"Negotiators too soft": Israel calls nuclear pact with Iran a bad deal

The prevailing impression in the West is that the nuclear deal with Iran must be revived.

"Negotiators too soft": Israel calls nuclear pact with Iran a bad deal

The prevailing impression in the West is that the nuclear deal with Iran must be revived. Israel's prime minister disagrees: the deal is bad and the West is too soft. If the sanctions are lifted, Tehran will invest a lot of money in new terror.

Israeli Prime Minister Jair Lapid has warned against the planned revival of the nuclear deal with Iran. "There's a bad deal on the table now," Lapid told foreign journalists in Jerusalem. The lifting of sanctions will mean that Tehran will have 100 billion dollars (around 100 billion euros) at its disposal every year. "No schools or hospitals will be built with this money," Lapid said. "This $100 billion will be used to undermine stability in the Middle East and spread terror around the world."
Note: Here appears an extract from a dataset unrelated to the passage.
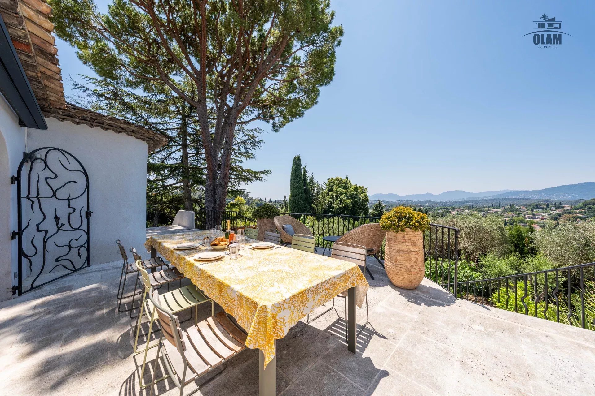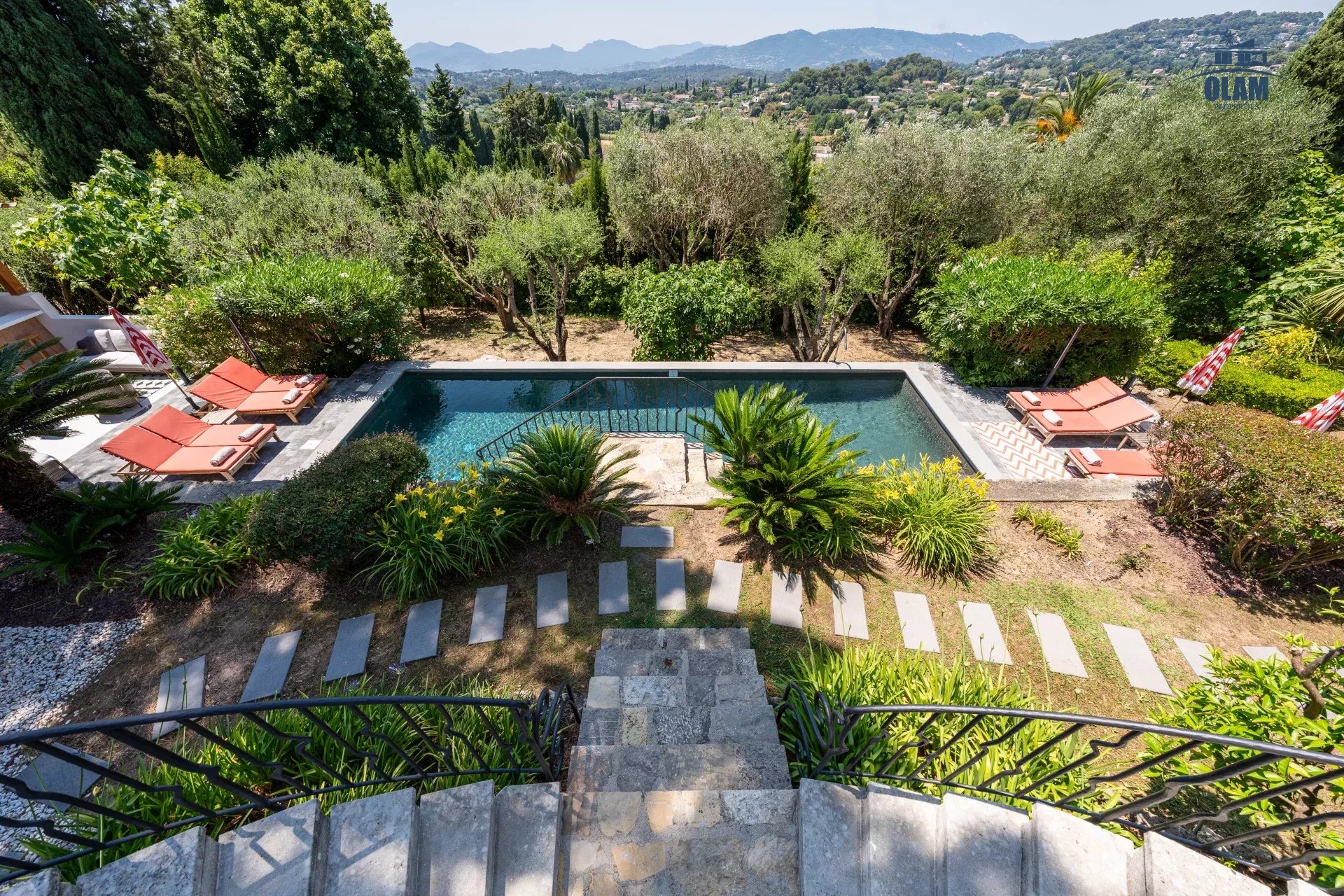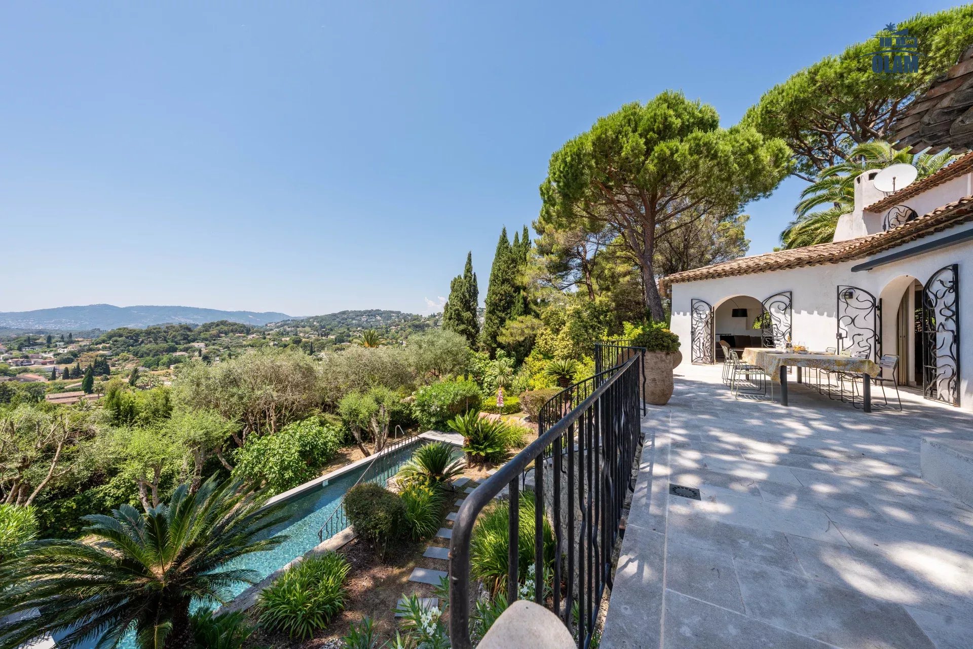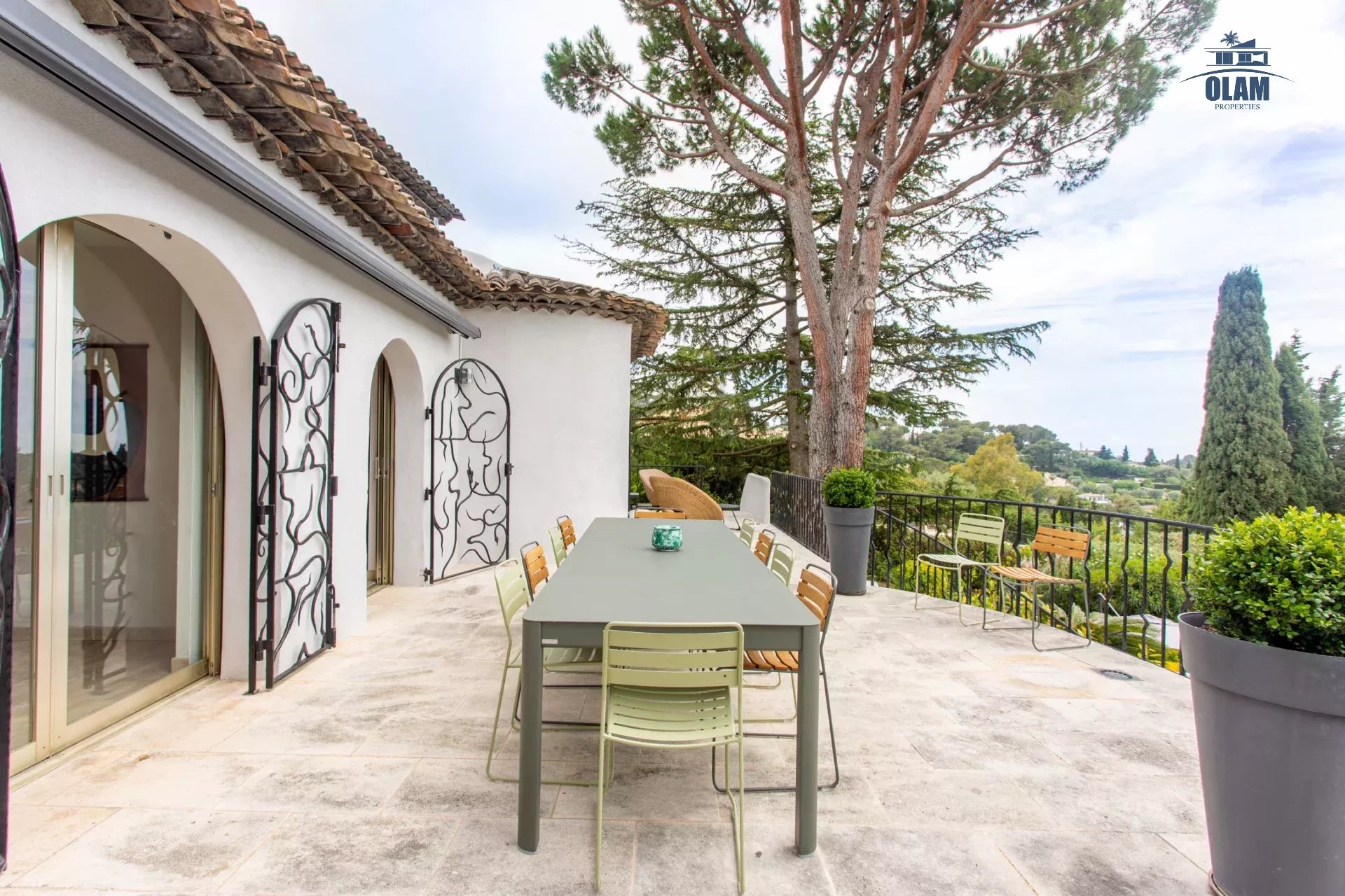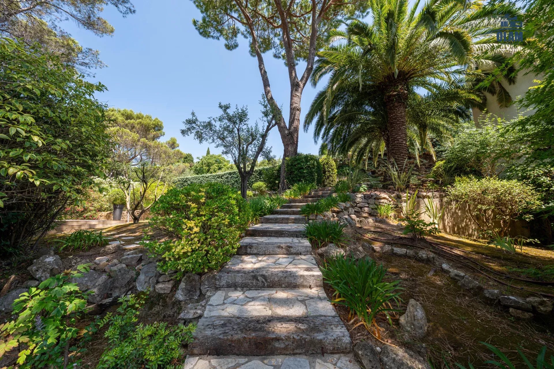 Dans un domaine privé, à proximité du village de Mougins (3mn en voiture), villa d’environ 250m2 composée comme suit :
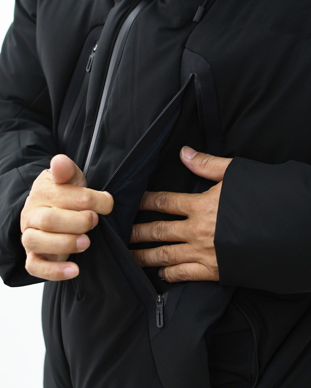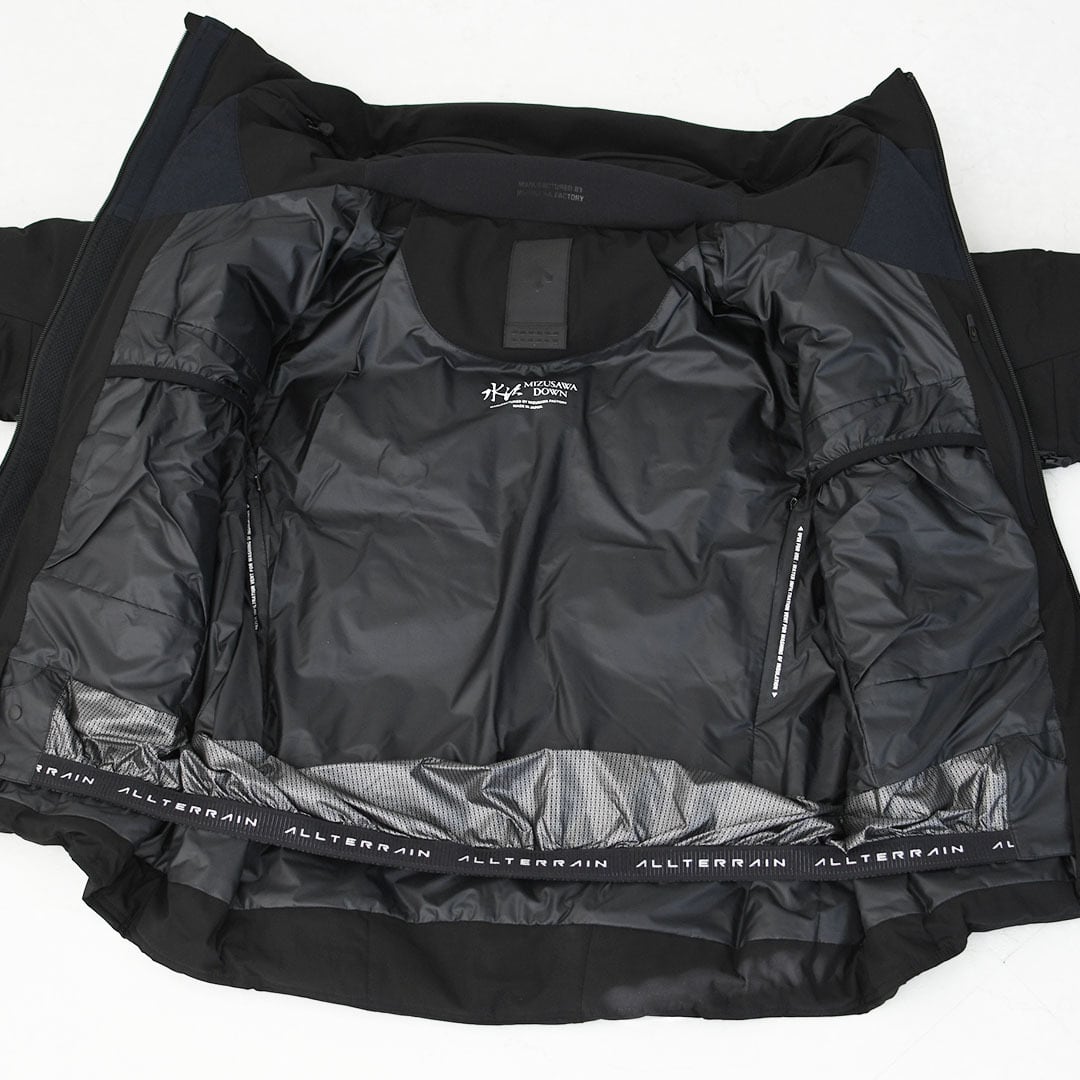 機能:耐水性 (20,000mm)/透湿性 (10,000g/㎡/24hr)(B-1法)/はっ水/防風/保温/パラフードシステム/デュアルジップベンチレーション/ダウンパストレーサビリティシステム

Iran will pour even more money into financing Israel's enemies, the Lebanese Hezbollah militia and the Palestinian militant organizations Hamas and Islamic Jihad, Lapid said. "And of course it will serve to strengthen Iran's nuclear program."

Lapid accused the international negotiators of being too soft. "Western countries are drawing a red line, Iranians are ignoring them, and the red line is moving." Lapid emphasized: "Israel is not against any agreement. We are against this agreement because it is a bad one." It will not prevent Iran from becoming a nuclear state. In the past few days he had been on the phone with Chancellor Olaf Scholz and French President Emmanuel Macron. One is also in close contact with Great Britain. "I told them these negotiations have reached a point where they have to stop and say: Enough!"

"We have made it clear to everyone that if an agreement is signed, it will not oblige Israel," said the head of government. "We will act to prevent Iran from becoming a nuclear state. We are not prepared to live with a nuclear threat looming over our heads from an extremist, violent Islamist regime."

Efforts to revive the 2015 deal aim to curb Iran's nuclear program. In return, sanctions should fall. Former US President Donald Trump unilaterally withdrew from the agreement in 2018 and imposed new, severe sanctions. After that, Tehran no longer felt bound by it.